Problem statement: The result should hold only the lines from the one with "Sauna Leuchte als" through the final line of the data below, transcribed exactly, pictures left out.

Provided information:
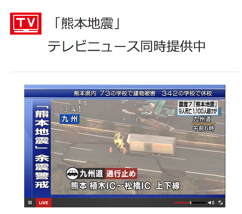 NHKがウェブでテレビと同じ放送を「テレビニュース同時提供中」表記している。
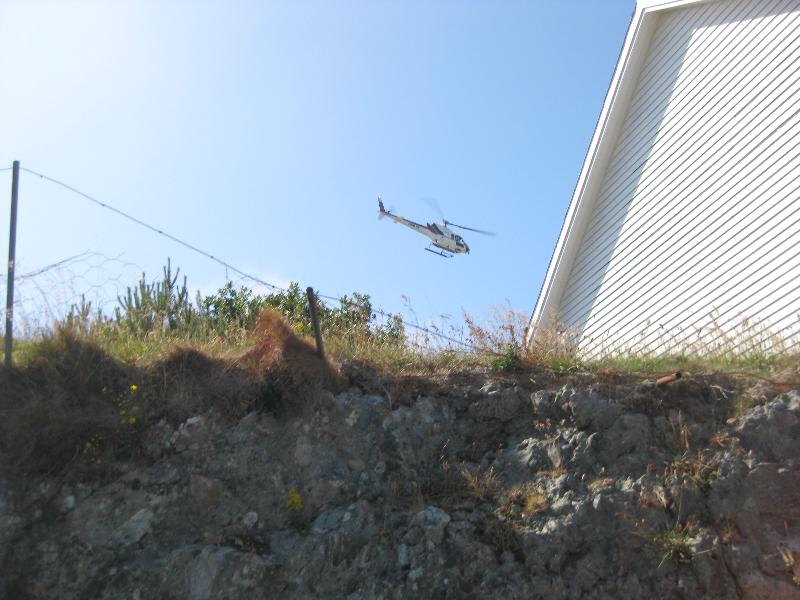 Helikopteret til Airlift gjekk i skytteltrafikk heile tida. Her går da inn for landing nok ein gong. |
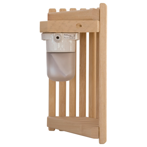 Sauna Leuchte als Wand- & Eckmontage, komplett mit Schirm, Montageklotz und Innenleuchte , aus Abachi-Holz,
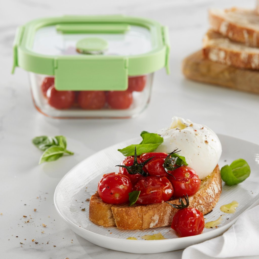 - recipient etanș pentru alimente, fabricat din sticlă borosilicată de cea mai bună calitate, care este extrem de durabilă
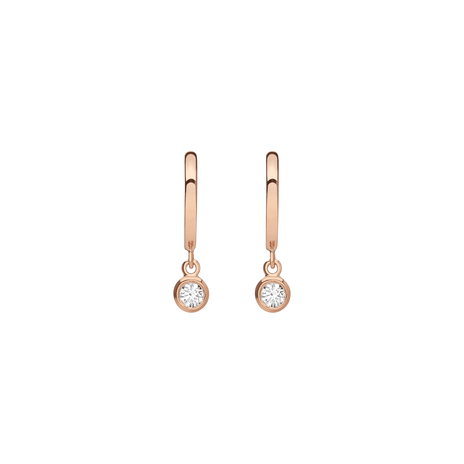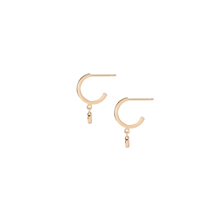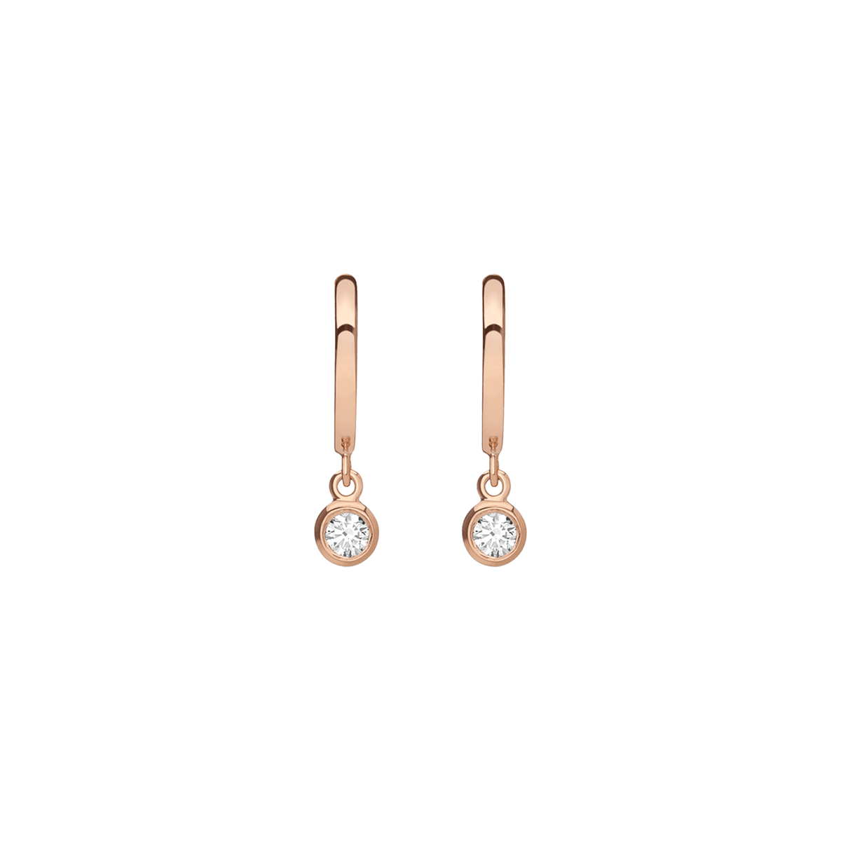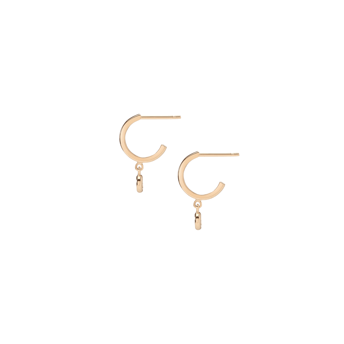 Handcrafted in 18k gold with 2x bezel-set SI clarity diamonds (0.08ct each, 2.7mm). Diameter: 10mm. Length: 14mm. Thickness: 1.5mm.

Answer below:
 Sauna Leuchte als Wand- & Eckmontage, komplett mit Schirm, Montageklotz und Innenleuchte , aus Abachi-Holz,
 - recipient etanș pentru alimente, fabricat din sticlă borosilicată de cea mai bună calitate, care este extrem de durabilă
 Handcrafted in 18k gold with 2x bezel-set SI clarity diamonds (0.08ct each, 2.7mm). Diameter: 10mm. Length: 14mm. Thickness: 1.5mm.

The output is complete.